An old friend came to see me. He looked shocked as he came round the corner. I have known him since I was about five or six. He used to live in my road. He brought me books to read. Loads of books. He thought I must be bored witless, not knowing – how could he? – that the middle distance and the inside of my own head were more interesting than books. He left them on my bedside table. Hardbacks. Stoppard. Pinter. Drama criticism. Bellow. Books we used to talk about at school twelve years ago. He ki
ssed me on the forehead. None of my other friends do that.

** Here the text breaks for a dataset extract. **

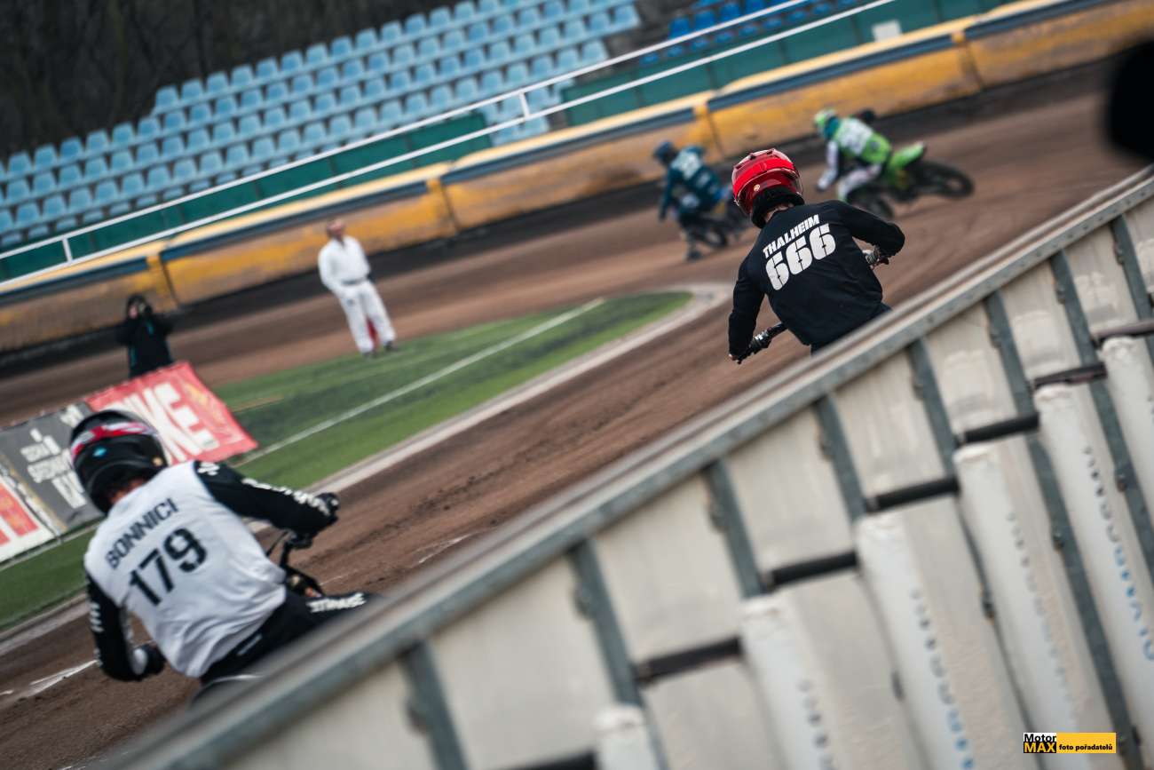 Do prvního letošního závodu bylo přihlášeno osm závodníků. Závodnice Linda Schlixbierová #100 bohužel do závodu nenastoupila, ale i tak jsme mohli vidět krásné rozjížďky a sedm mladých bojovníků, kteří chtějí vítězit. Oči fanoušků směřovaly na výkony druhé přihlášené závodnice Barbory Čmochové #51, která rozhodně nezklamala a kluci musí počítat s tím, že je Barča ještě pořádně potrápí, ukázala to ve finálové jízdě, kde dlouhou dobu bojovala o pátou pozici.

When we meet, he always hugs me. I feel his bristly chin against my face. I often miss the moment, don’t get my arms out in time, and he just bear-hugs me, pinning my arms to my sides. I sometimes catch my own reflection in a mirror and feel a prat. I used to think he was a hard man, but he is a very soft man.

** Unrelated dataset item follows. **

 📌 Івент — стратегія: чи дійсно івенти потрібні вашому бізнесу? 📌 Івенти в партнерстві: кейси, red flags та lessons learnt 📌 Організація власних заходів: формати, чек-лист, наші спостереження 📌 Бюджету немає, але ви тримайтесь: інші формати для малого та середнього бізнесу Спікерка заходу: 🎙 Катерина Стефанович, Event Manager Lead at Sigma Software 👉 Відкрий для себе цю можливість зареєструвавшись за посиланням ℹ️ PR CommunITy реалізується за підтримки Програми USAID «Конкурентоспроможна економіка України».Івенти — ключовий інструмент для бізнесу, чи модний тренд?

He talked and talked. I can’t remember what he said. I remember his grey jacket with its wide shoulders, though, and his bristly chin and the books, but not a word of what he said. No, that’s not true. I remember one thing he said. He said he liked my beard. ‘Very casual and relaxed,’ he said. He sat on the bed. Really quite close to me. Other friends and family tended to sit at a distance. In a chair. But he sat close. He seemed moved. I wasn’t young any more. Not a boy. We used to pretend we were brothers at school. In the playground. Marching round, arms over each other’s shoulders, chanting ‘Who wants to play football?’ in loud, squeaky, rhythmic voices until a whole gang of us had joined up, all arms over shoulders, all chanting, wheeling round like the wings of a huge bird. When I was young I got up from the table round at his house and ran all the way home because his mother had put a plate of spaghetti bolognese in front of me. I’d seen spaghetti bolognese before, but had never been expected to eat it.